Mmmm San Valentín... que día más bonito. Me encanta.
Todo el mundo demuestra su amor hacia otra persona y no hace falta que sea tu pareja o tu marido o esposa... también puedes demostrárselo a tus amigos, familia, a la gente que más quieres y que siempre está ahí cuando más lo necesitas.
Que con el simple echo de dar un abrazo y un beso puedes alegrarle el día a una persona. Que una flor (aunque destiña un poco) puede sacarte una sonrisa. O que una galleta en forma de corazón te puede mantener feliz durante todo el día.
Aunque este San Valentín ha sido un poco triste.
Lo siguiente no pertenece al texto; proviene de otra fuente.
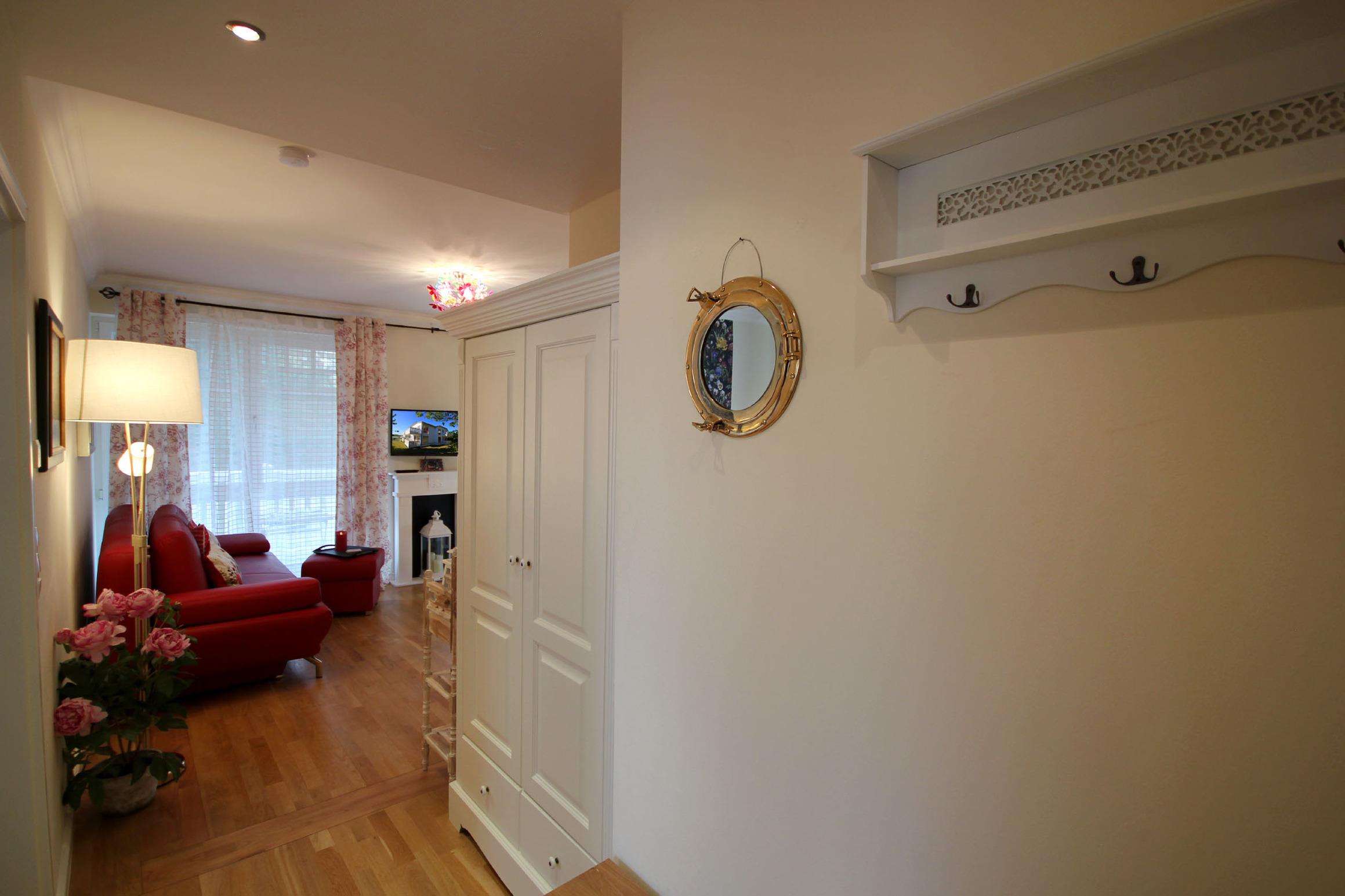 Im Flurbereich der Wohnung bietet ein Kleiderschrank weiteren Stauraum.
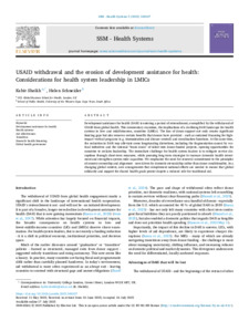Title: | USAID withdrawal and the erosion of development assistance for health: Considerations for health system leadership in LMICs |
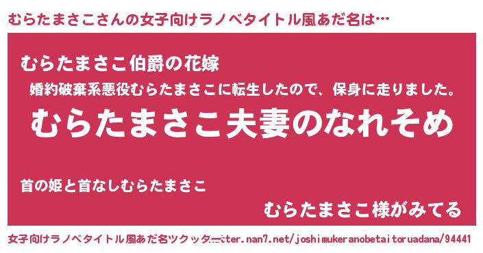 | 男性向けラノベタイトル風あだ名 | 『おまえをオタクにしてやるから、俺をむらたまさこにしてくれ! 』 |
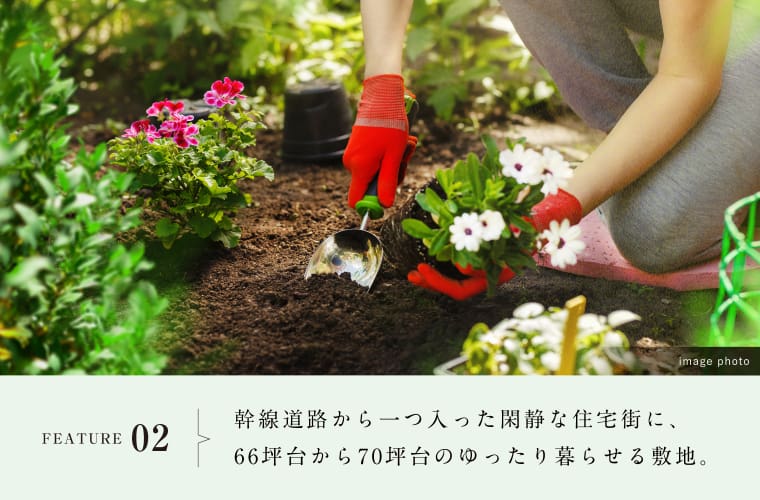 ![]() 整然とした街並みがつづく“土地区画整理地内”に誕生します。うち4区画は遊歩道に面した広がりを感じられる敷地。さらに通りから入った立地なので、穏やかな住環境を享受できます。積水ハウスは「まちなみガイドライン」で統一感のある、住み継がれる美しい街づくりを進めます。 |
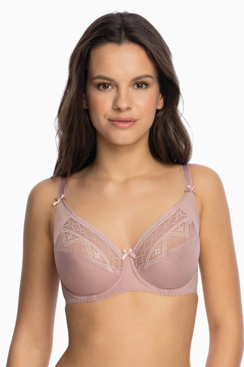 Košíčky jsou vyrobené z krajky s geometrickými vzory. Konstrukce a střih modelu dokonale obepíná a nadnáší poprsí díky bočnímu panelu. Ramínka jsou pohodlná. Obvod podprsenky je zpevněný bočními kosticemi.
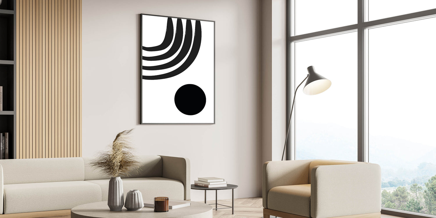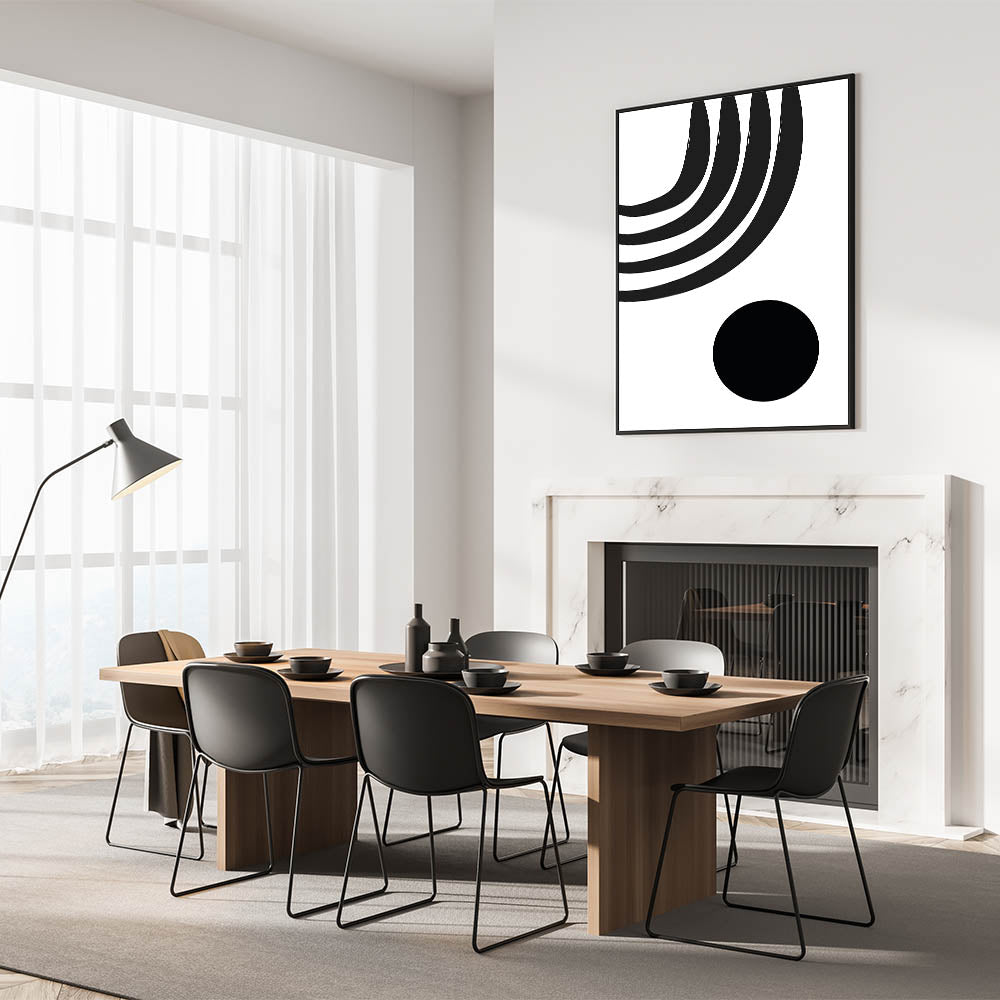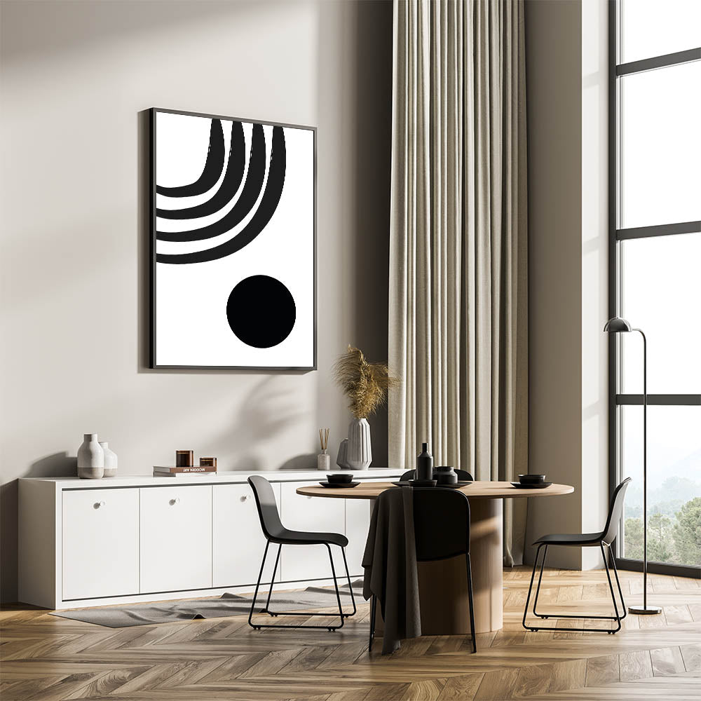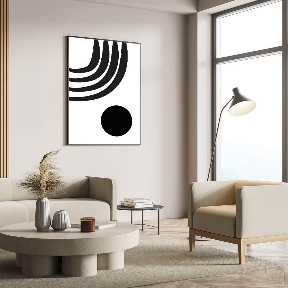 This minimalist black-and-white design is perfect for creating a calm, stylish atmosphere in any room. Its simple yet impactful composition adds a touch of modern elegance, making it an excellent choice for those who appreciate minimalist aesthetics.
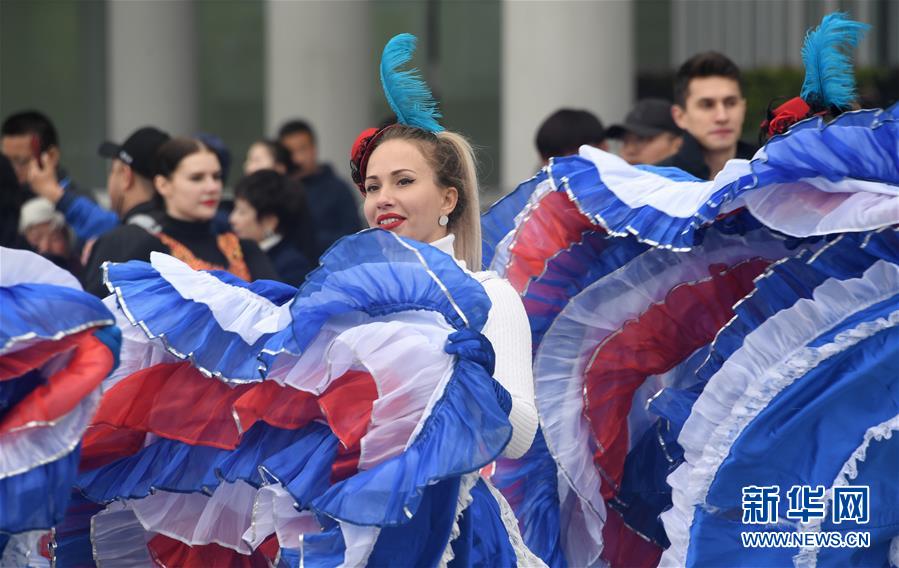 演员在北京世园会园区表演(4月29日摄)。新华社记者 李欣 摄
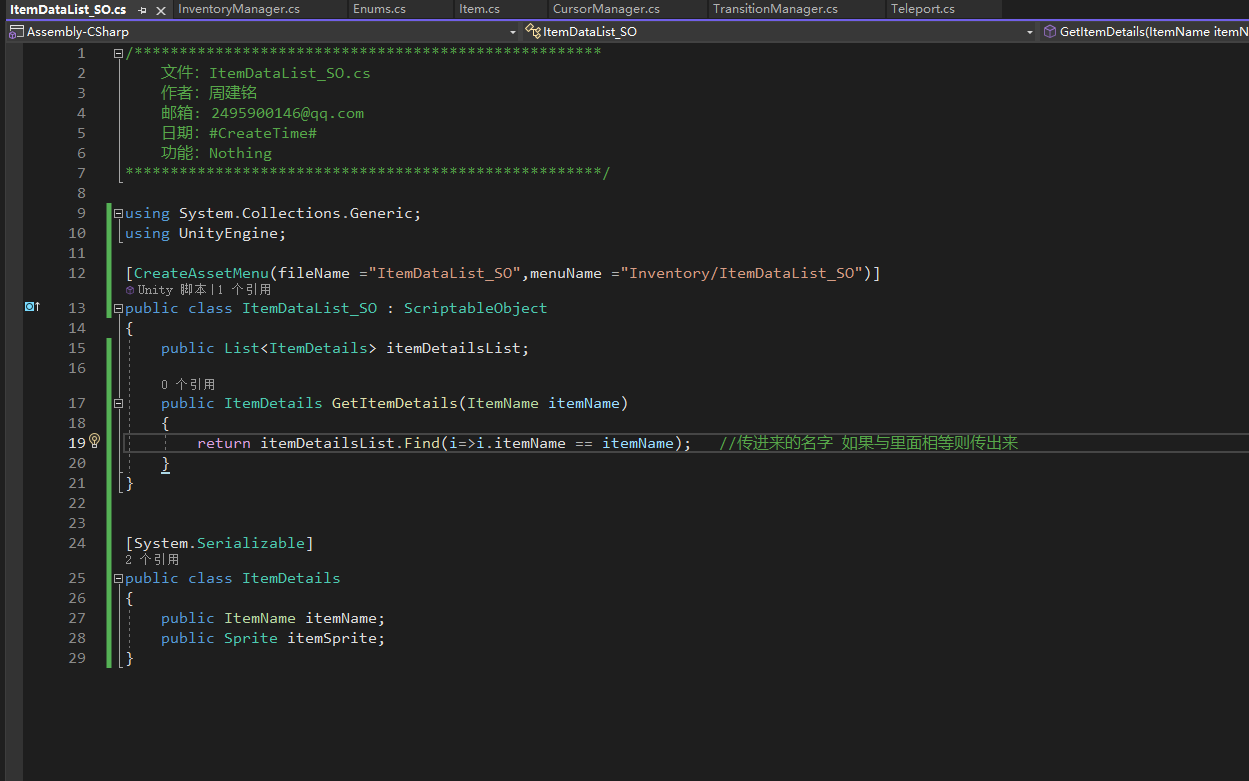 ItemDataList_SO这个就是创建的参数 写的list来选择数量加减 然后下面的ItemDetails 则是写具体参数 并且需要序列化
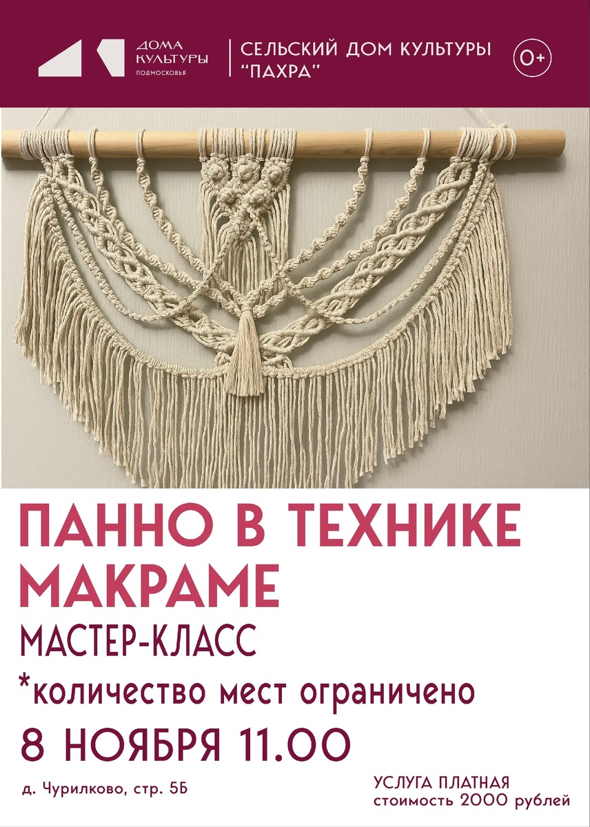 ✨ Панно в технике макраме 🧶 Осень располагает к рукоделию и творческому времяпровождению, поэтому приглашаем вас на мастер-класс, где вы сможете обучиться плетению в технике макраме. Вы получите готовое изделие, которое будет украшать ваш интерьер или станет стильным подарком. Длина изделия от рейки 42 см., ширина 50 см. Длительность: 4 часа 📆 08.11.2025🕒11:00 🏢 Сельский дом культуры (СДК) «Пахра» 📍 г.о.Домодедово, дер.Чурилково, ул.Чурилково, д.5Б 💰 Цена: 2000 ₽ ✅ Мероприятия Домодедово https://dzen.ru/id/66f10385cc4c5a16f7b5fb02 http://vk.com/domodedovo_events http://dzen.ru/domodedovo_events

Sin ningún clavel por el colegio y sin esos cartelitos en forma de corazón que mirabas, una y otra vez, aunque sabías perfectamente quien te los había enviado. Que cuando llamaban a la puerta los de cuarto de la ESO con ese pedazo de ramo de claveles de distintos colores y decían tu nombre, te levantabas con una enorme sonrisa de oreja a oreja y lo cogías y lo llevabas a tu mesa oliendo su aroma, era precioso.
Y que este año me ha matado no haberlo hecho. Que desde que entré en primero y empecé a comprar claveles, deseaba llegar a cuarto para poder llevar yo los claveles a los chicos y poder ver sus caras de alegría o también de sorpresa al darse cuenta de que es un admirador secreto y que les están demostrando su amor.
Pero que ya no se puede hacer nada. Ya a pasado este día y ya no se puede hacer nada para cambiarlo. Aunque hay que quedarse con lo bueno, con lo bonito del día, con los abrazos, los besos y... los te quiero.